Will the noble Lord give way for a moment? As I understand it, it is only a matter of timing. The Bill is important and the timing is tight. He told us that it would take 10 days if it went to an independent examiner. How long does he think it would take if 400 constituency amendments were tabled in Committee?
My Lords, if the Examiners decided that the Bill was not hybrid, that still could not stop 400 constituency amendments being tabled.
I think that the mood of the House is that we should move to a vote on this matter, but perhaps I may deal with two points. It was disappointing that the Minister did not choose to answer them. I know that if I had been a Minister, I would have been provided with material that would have answered the points, and it was disappointing that what he sought to do was political burlesque.
I am grateful to the noble and learned Lord, Lord Lloyd of Berwick, for being the only person who gave a reasoned argument about why I was wrong. With the greatest respect to the noble and learned Lord, I submit that he is wrong because he has failed to deal with the Charlwood case, in which the issue which contributed to making it hybrid was two parishes saying, “We want to be in this county, governed by them and not in that county”. That was accepting the principle that localities are really interested and that it is a local issue as to which group they elect to local authorities and local councils. That was important in relation to it. I respectfully say to the noble and learned Lord, whom I respect greatly in every single respect, that he has had no opportunity to read either the opinion or what was said in relation to the Bill that I refer to, which is my fault rather than his. The threshold is whether or not there is an argument about it. No one other than the noble and learned Lord said that it was not arguable. I had the support of the former Attorney-General—
My Lords, the noble and learned Lord must understand that many of us did not choose to make the argument, not because we do not feel strongly about it or do not have a very clear and argued case in our minds, but because we did not want to disadvantage the House in moving on to the Second Reading debate.
The noble and learned Lord must not mislead the House on this point, particularly when he talks about locality. The reality is that locality applies to every single constituency throughout the land. The point made by the noble Lord, Lord Grocott, is that if the Examiners start to meet, there is no reason why every single constituency might not come forward. It is not necessarily a matter of a week or 10 days at all. The question of locality is properly considered by the Boundary Commission when every constituency can look at local interest; it is not on a political motion about hybridity.

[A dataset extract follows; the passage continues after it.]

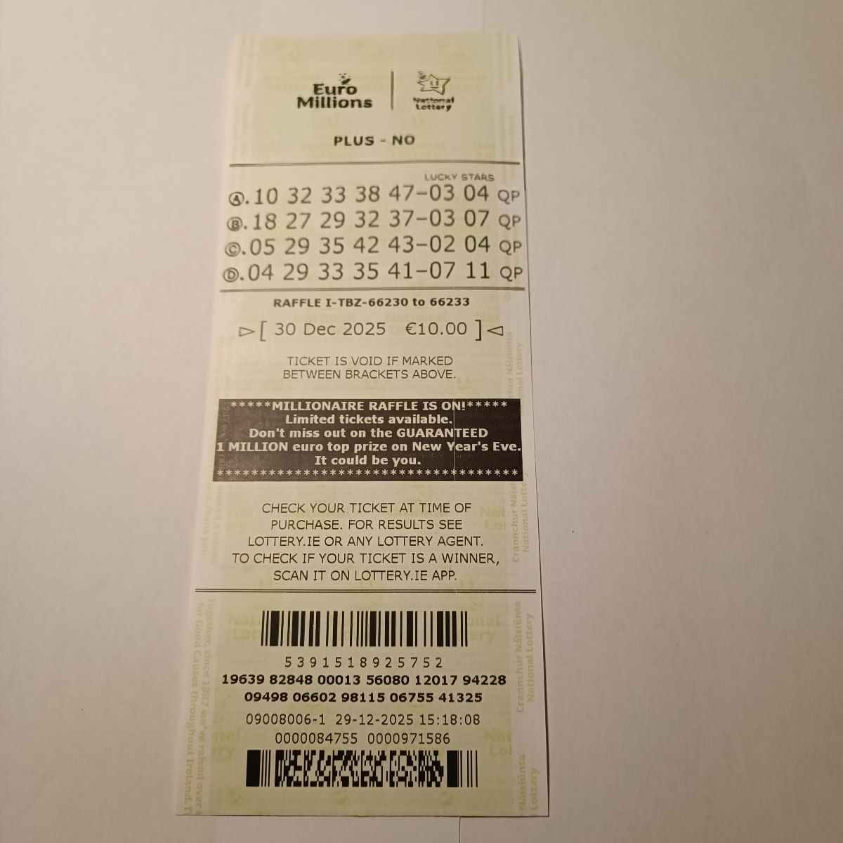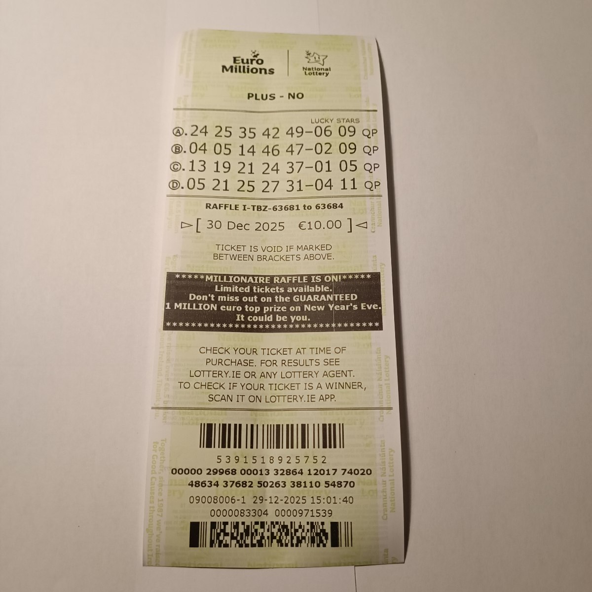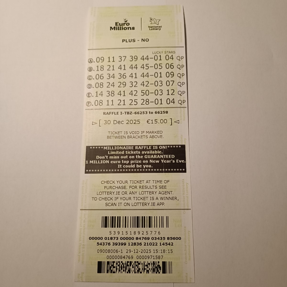 We play Euromillions every Tuesday. Please send me the money before Monday as I need time to physically send the tickets to the shop. If you haven’t paid, you don’t play.

I apologise to the noble Lord, Lord Alderdice, for not knowing what his arguments were, but as he did not express them and I am not able to mind read, I could not deal with them. The Boundary Commission will not deal with the Western Isles and Orkney and Shetland because the effect of the Bill—this is my point—has been kept completely separate and out of the arrangements; therefore, their locality has been protected and no one else's has. I ask noble Lords to consider whether there is an argument about hybridity in this case. I say to those behind me as well as those in front of me, please address this as an issue on which this House has a good reputation. I beg leave to seek the opinion of the House.